**The records**
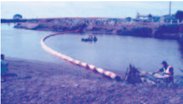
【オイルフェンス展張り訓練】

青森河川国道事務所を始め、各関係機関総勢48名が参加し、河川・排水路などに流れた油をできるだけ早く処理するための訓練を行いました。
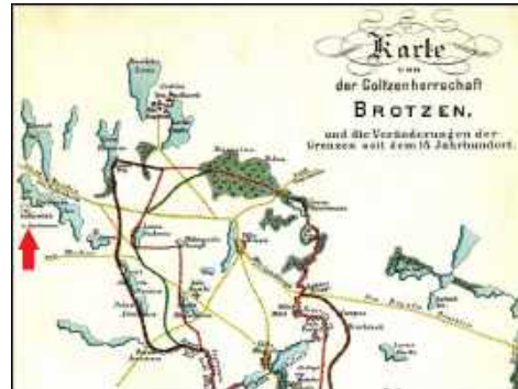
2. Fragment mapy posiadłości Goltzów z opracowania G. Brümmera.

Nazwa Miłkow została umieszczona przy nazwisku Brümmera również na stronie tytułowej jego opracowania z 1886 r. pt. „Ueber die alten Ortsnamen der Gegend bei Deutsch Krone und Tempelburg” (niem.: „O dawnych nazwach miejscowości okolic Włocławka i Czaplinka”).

* * *

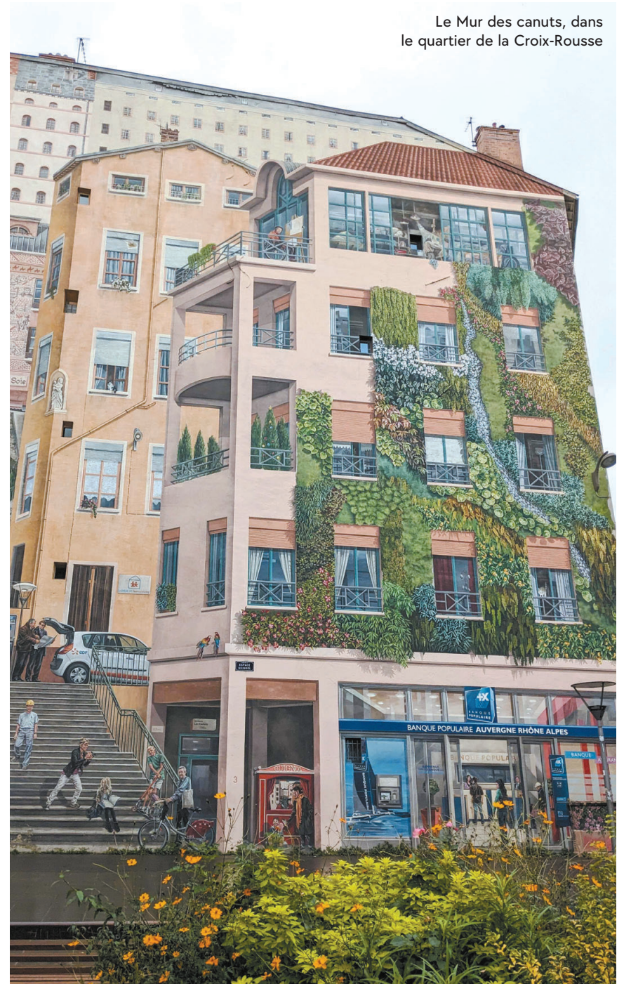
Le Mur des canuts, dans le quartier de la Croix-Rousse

**Instructions to follow**
Filter these records, keeping every line where the word "opracowania" occurs.

**Your solution**
2. Fragment mapy posiadłości Goltzów z opracowania G. Brümmera.
Nazwa Miłkow została umieszczona przy nazwisku Brümmera również na stronie tytułowej jego opracowania z 1886 r. pt. „Ueber die alten Ortsnamen der Gegend bei Deutsch Krone und Tempelburg” (niem.: „O dawnych nazwach miejscowości okolic Włocławka i Czaplinka”).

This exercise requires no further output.